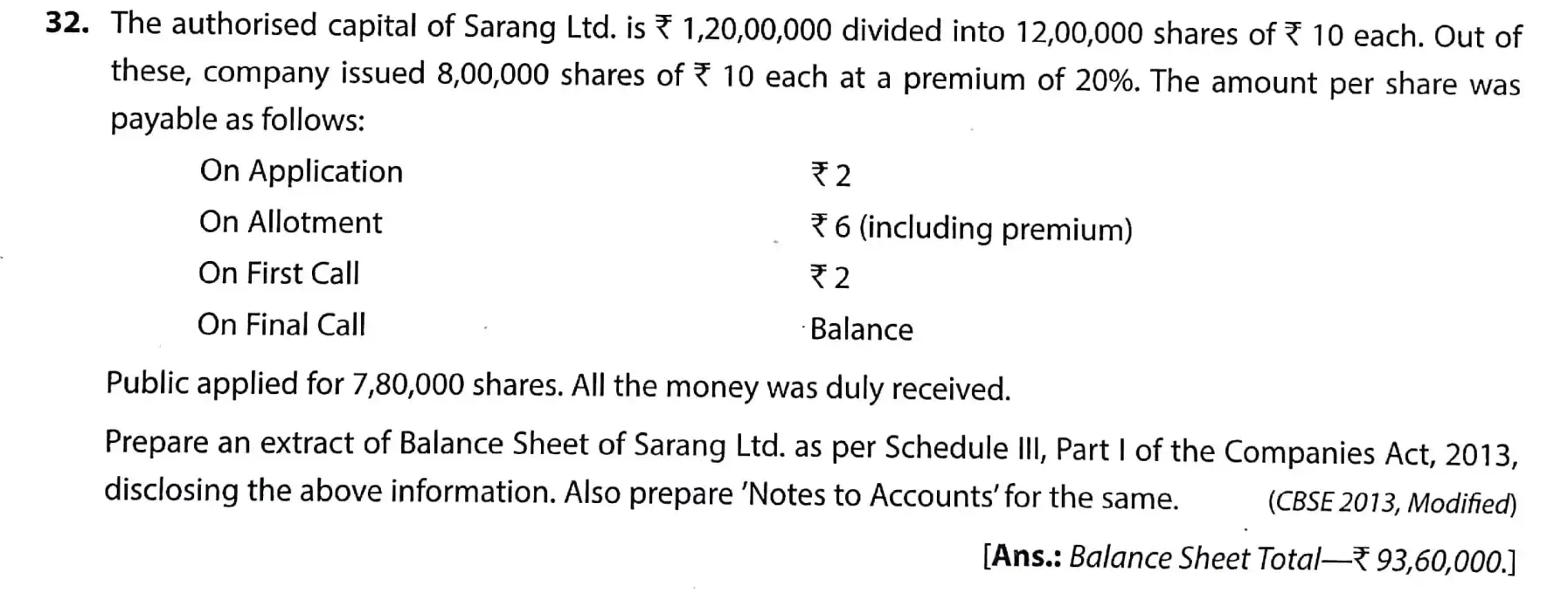 TS Grewal Solution Question 32 Accounting for Share Capital TS Grewal Book CBSE 2024-25 Edition
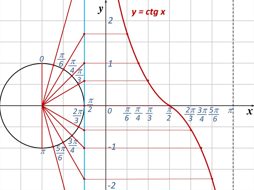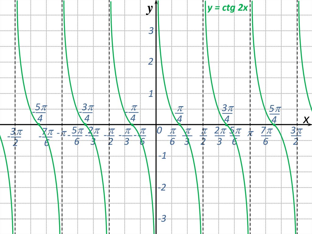 1. Область определения: x≠πn, n∈Z2. Множество значений: y∈(-∞;∞)
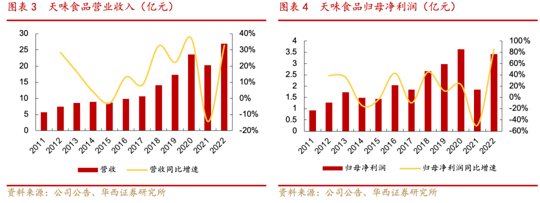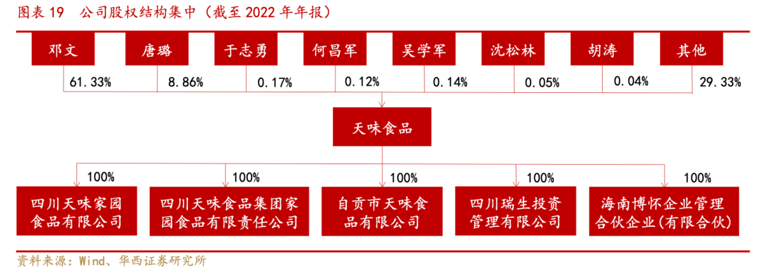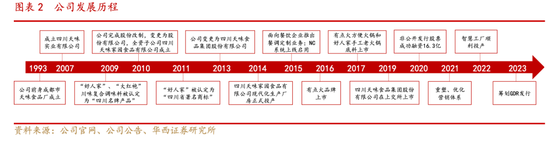 公司前身是1993年成立的成都市天味食品厂,其发展历史大致可以划分为以下三个阶段:2000年-2009年:品牌初创,起步探索。2000年5月,邓文、唐璐夫妇出资成立成都天味。2007年,二人成立四川天味实业有限公司。2009年,公司品牌“好人家”和“大红袍”被认定为“四川名牌产品”。早期公司发展范围集中于川内,稳扎稳打奠定省内优势地位。2010年-2018年:以大单品为发展基石,迅速实现全国化布局。2010年公司完成股份制改制。2010-2018年间,公司持续进行新品研发与产品迭代,相继推出老坛酸菜鱼调料、青花椒鱼调料、四川火锅底料、回锅肉调料、宫保鸡丁调料等产品,其中,老坛酸菜鱼调料迅速放量,成为大单品。借势大单品,公司业绩加速增长,2017年,公司营收突破10亿元,2018年,公司实现营收14.13亿元,建立了覆盖全国的市场营销体系,市场网络覆盖全国31个省、自治区及直辖市,稳固了公司在川味复合调味料市场的优势地位。2019年-2020年:成功上市,借助资本力量快速成长。2019年4月,公司成功上市,2020年11月非公开发行股票融资16.3亿元,募集资金用于扩建生产基地。同年,公司正式提出“好人家”和“大红袍”两大品牌双轮驱动的新战略,将两大品牌定位细化,分别在不同细分市场运营。在此阶段,公司收入规模高速增长,2020年实现营收23.65亿元,同比增速达到历史高位36.90%,利润迅速增长。2021年至今:调整战略,内部转型升级、持续变革。2021年,疫情拖累消费,公司将营销体系进行重塑和优化,强化经营班子,成立营销委员会,下设品牌管理部、产品管理部、好人家事业部、大红袍事业部、餐饮事业部和新零售事业部。2022年公司改革初见成效,实现营收26.91亿元,同比增长32.84%。2023年筹划GDR上市。

Exercise instructions: What is needed is the exact run of lines from the start of the data through the line with "1. Область определения: x≠πn, n∈Z2.", both ends included, minus the pictures.

Answer for this exercise:
 TS Grewal Solution Question 32 Accounting for Share Capital TS Grewal Book CBSE 2024-25 Edition
 1. Область определения: x≠πn, n∈Z2. Множество значений: y∈(-∞;∞)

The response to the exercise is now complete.